=== Begin Enclosure ===

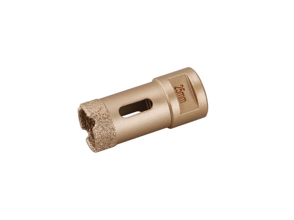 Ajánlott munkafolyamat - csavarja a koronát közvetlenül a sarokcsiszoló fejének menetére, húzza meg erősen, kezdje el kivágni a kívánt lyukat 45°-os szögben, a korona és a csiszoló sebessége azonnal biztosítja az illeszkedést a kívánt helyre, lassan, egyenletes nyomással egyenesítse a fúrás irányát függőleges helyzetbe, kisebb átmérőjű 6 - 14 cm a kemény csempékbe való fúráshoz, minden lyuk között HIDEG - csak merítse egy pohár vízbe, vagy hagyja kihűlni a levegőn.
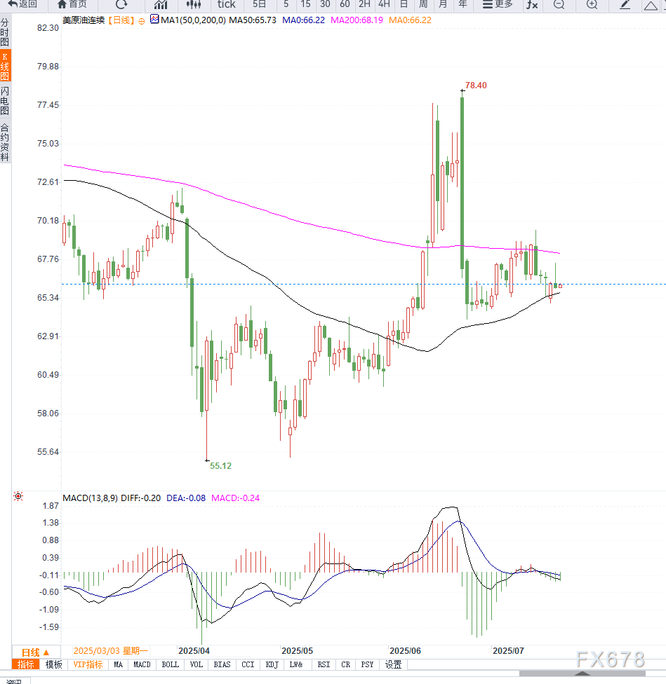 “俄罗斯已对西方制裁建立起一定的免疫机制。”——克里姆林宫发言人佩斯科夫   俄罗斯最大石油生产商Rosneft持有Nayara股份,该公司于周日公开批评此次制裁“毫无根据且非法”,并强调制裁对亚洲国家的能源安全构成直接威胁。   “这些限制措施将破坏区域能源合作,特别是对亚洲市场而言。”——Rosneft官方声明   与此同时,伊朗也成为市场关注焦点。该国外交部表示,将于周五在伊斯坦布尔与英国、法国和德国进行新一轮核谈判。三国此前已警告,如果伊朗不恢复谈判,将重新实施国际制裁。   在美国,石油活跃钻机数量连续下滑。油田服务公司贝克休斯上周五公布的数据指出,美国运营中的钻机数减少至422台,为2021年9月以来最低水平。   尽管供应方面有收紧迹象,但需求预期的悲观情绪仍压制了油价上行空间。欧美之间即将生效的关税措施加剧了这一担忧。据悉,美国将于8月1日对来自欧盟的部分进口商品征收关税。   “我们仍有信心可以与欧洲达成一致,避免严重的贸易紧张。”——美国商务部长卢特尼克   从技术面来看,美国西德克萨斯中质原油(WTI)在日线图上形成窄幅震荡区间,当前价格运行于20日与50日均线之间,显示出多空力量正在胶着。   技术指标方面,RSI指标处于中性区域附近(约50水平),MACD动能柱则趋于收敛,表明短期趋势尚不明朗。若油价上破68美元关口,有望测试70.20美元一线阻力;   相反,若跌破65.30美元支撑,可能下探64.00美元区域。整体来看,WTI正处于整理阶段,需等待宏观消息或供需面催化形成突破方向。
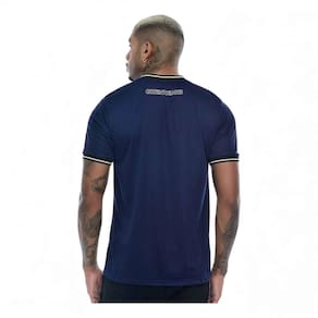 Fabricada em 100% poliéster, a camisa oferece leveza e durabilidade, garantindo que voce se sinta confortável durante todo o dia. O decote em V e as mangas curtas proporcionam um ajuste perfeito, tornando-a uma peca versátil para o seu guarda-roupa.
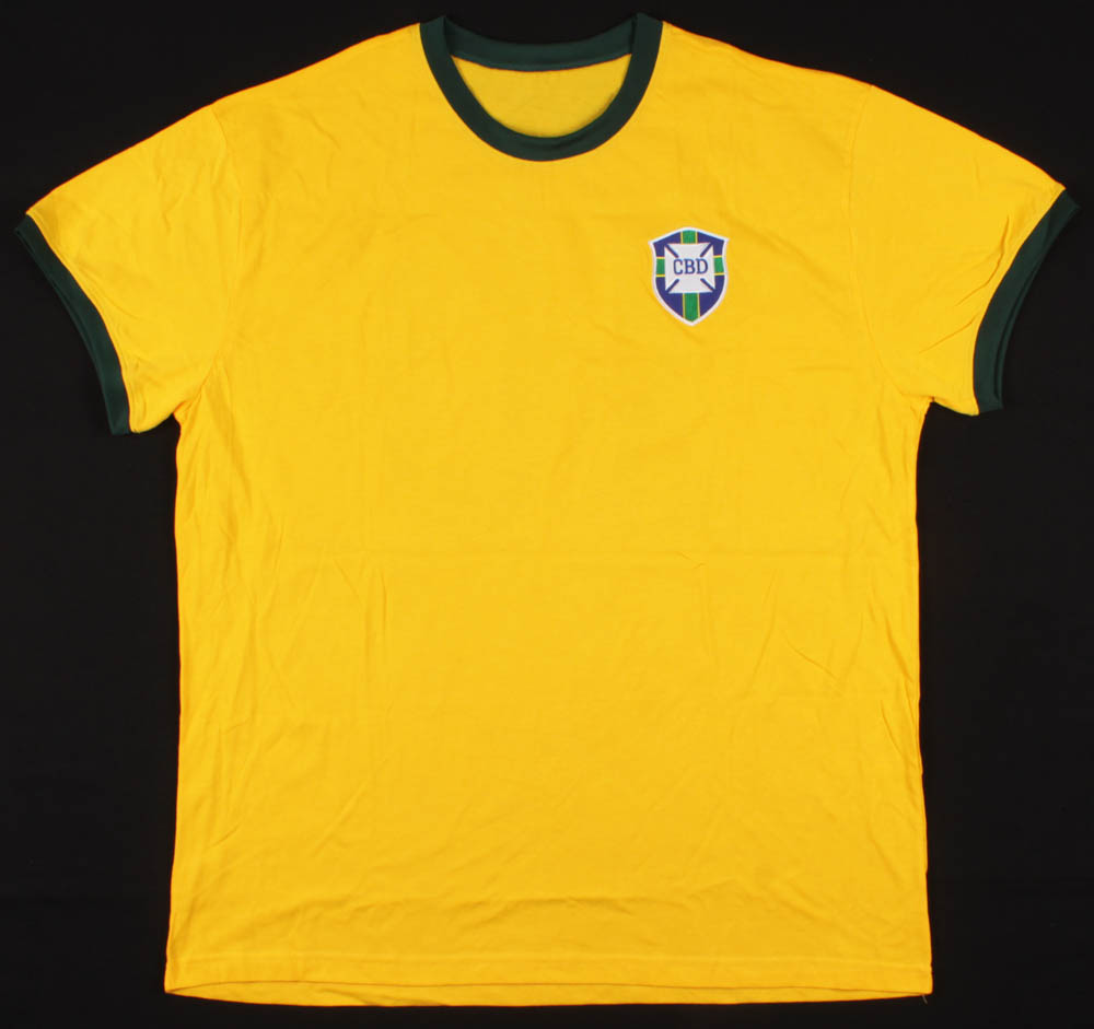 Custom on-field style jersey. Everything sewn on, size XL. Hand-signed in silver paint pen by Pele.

=== End Enclosure ===

▶ _What is needed_
Because the copy must hold no pictures, return only the lines that run from the line containing "Fabricada em 100%" to the end of the data above, each exactly as it stands.

▶ _Solution to this exercise_
 Fabricada em 100% poliéster, a camisa oferece leveza e durabilidade, garantindo que voce se sinta confortável durante todo o dia. O decote em V e as mangas curtas proporcionam um ajuste perfeito, tornando-a uma peca versátil para o seu guarda-roupa.
 Custom on-field style jersey. Everything sewn on, size XL. Hand-signed in silver paint pen by Pele.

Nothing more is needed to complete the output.